I'm as eager as anyone to have Marion County get back to a semblance of normality in these coronavirus times. i miss my Tai Chi classes. I miss going to the Courthouse Athletic Club. I miss having my hair cut (though I'm looking more like Willy Nelson every day, which can't be a bad thing).
But I'm also an avid reader of the daily Oregon Coronavirus Update that gets emailed to me by the Oregon Health Authority (OHA). Disturbingly often, Marion County has an outsized number of new cases, frequently outpacing Multnomah County which has a much larger population.
According to the most recent OHA data, May 8, Oregon as a whole has had 3,068 confirmed coronavirus cases. Marion County has had 626, 20% of the state total. Yet in 2019 Marion County comprised only 8% of the Oregon population (347,818 out of 4.218 million).
Nonetheless, a few days ago the Salem Reporter ran a story by Saphara Harrell and Rachel Alexander, "With highest COVID-19 rate in the state, Marion County wants to start reopening businesses."
Marion County says it is ready to start lifting restrictions intended to slow the spread of COVID-19. But the county’s plan, released Wednesday, will face its first test when it’s sent to the governor’s office to determine if the area has met key measures needed to reopen.
The proposal by the Marion County Board of Commissioners comes as the county is experiencing the highest rate of the coronavirus infections in the state and lags behind other urban counties in testing.
Marion County hasn’t met many of the state’s requirements for reopening, including adequate testing, adequate contact tracers or a downward trajectory of cases over a 14-day period. But on Wednesday, materials were presented at the board meeting making the case that the county is making progress on key measures.
OK. But progress is one thing. Meeting the state's requirements is a whole other thing. It seems to me that Marion County should be one of the last counties in Oregon to start reopening businesses, churches, and such, not one of the first.
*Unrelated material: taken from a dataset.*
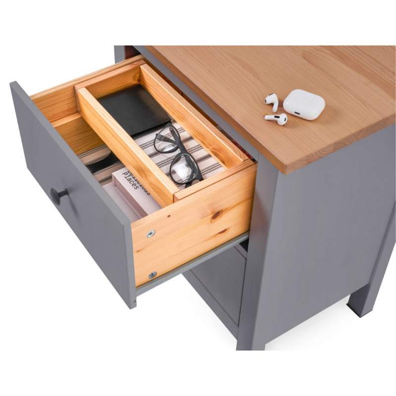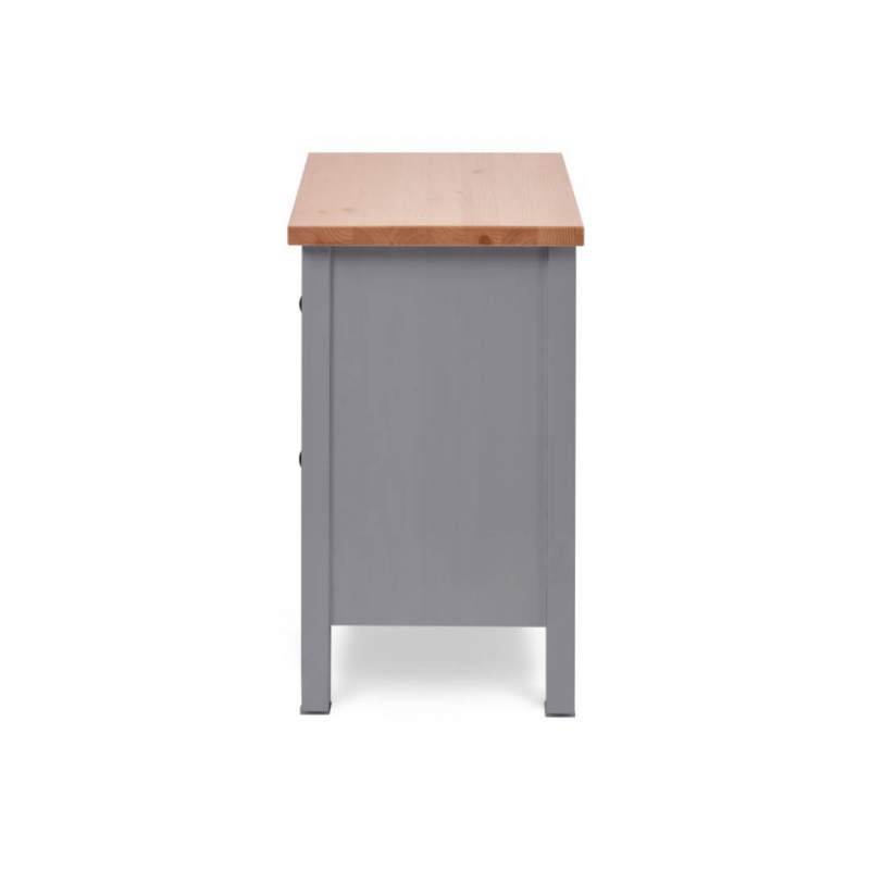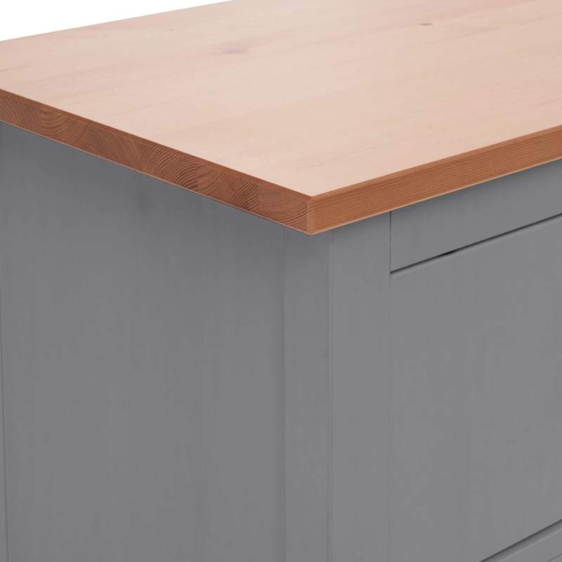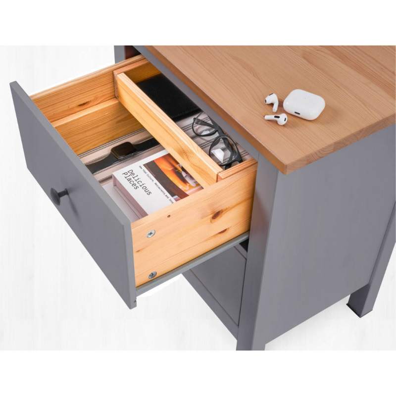 Материал комода — прочный и долговечный массив сосны. Матовое покрытие выполнено с использованием красителей на водной основе и лака на основе акриловых смол с УФ-отверждением. Оно подчеркивает природную красоту древесины и защищает её от внешних воздействий.

Today I looked over Marion County's application to the state to begin reopening. As the Salem Reporter story says, Marion County isn't meeting some of the criteria that the state says are needed to ensure the safety of people as Governor Brown's Stay Home, Save Lives orders are gradually relaxed.
Notably, the number of new coronavirus cases in Marion County isn't on a two-week downward trend. A chart in the Marion County application shows this.
Two weeks from May 1 was April 17, which is just past the legend on the horizontal axis. I didn't do any sophisticated statistical analysis of that two-week trend, or even an unsophisticated analysis. But it seems obvious that the Marion County application to start reopening on May 15 doesn't demonstrate a two-week downward trend in new coronavirus cases.
Instead, the application says, "There has been a decline of cases from a peak on April 19, 2020." Well, yes. April 19 was the high point so far in new Marion County cases. But cherry-picking one day doesn't make a trend. My eyeballs don't see any sort of overall trend -- just a steady increase in cases with ups and downs in the daily count.
County-level data from the Johns Hopkins Coronavirus Resource Center confirms that Marion County isn't experiencing a recent downturn in confirmed coronavirus cases. Here's the graph for Marion County. Sure doesn't look like any "bending the curve" is going on in Marion County so far. The last data point is May 7, yesterday.
Here's the graph for Multnomah County, which has the most cases in Oregon. A small bit of bending seems to be occurring.
I readily admit that part of my skepticism about Marion County being ready to start reopening stems from the deeply conservative bent of the three Republican county commissioners. I don't trust that they're committed to using the best science to base reopening plans on. Rather, I strongly suspect that their Trumpian brand of politics is at play.
Namely, wrongly believing that the Marion County economy can start getting back to normal even though the coronavirus crisis hasn't abated. If people are afraid to go to work, shop, eat at a restaurant, visit a gym, or whatever, it doesn't matter if those places are reopened. Probably they will be largely empty until the COVID-19 outbreak is on a decided downturn in Marion County.
Which, right now, it isn't.
Any what's up with the director of the Marion County Public Health Department refusing to comment on the Salem Reporter story? That also seems Trump-like.
The Health Authority this week released case numbers by ZIP code, showing the Gervais and Woodburn areas were leading the state in the number of cases per capita.
Two weeks ago, Katrina Rothenberger, director of the Marion County Public Health Department, said the numbers concerned her that the county was headed in the wrong direction.
On Wednesday, Rothenberger declined an interview through a county spokeswoman.
I agree it is still early to reopen everything, but wanted to point out that your analysis of the graphs is incorrect. The graph you show is for cumulative cases in Marion County. That's not the curve we are trying to bend. Once a person has been tested and confirmed with COVID-19 their number is added to the chart you posted. They can never "un-have" the virus and so that curve doesn't bend. The curve we are trying to bend (and it is related to the one posted) is the number of daily new cases. That data isn't available on the county level from Johns Hopkins as far as I can tell.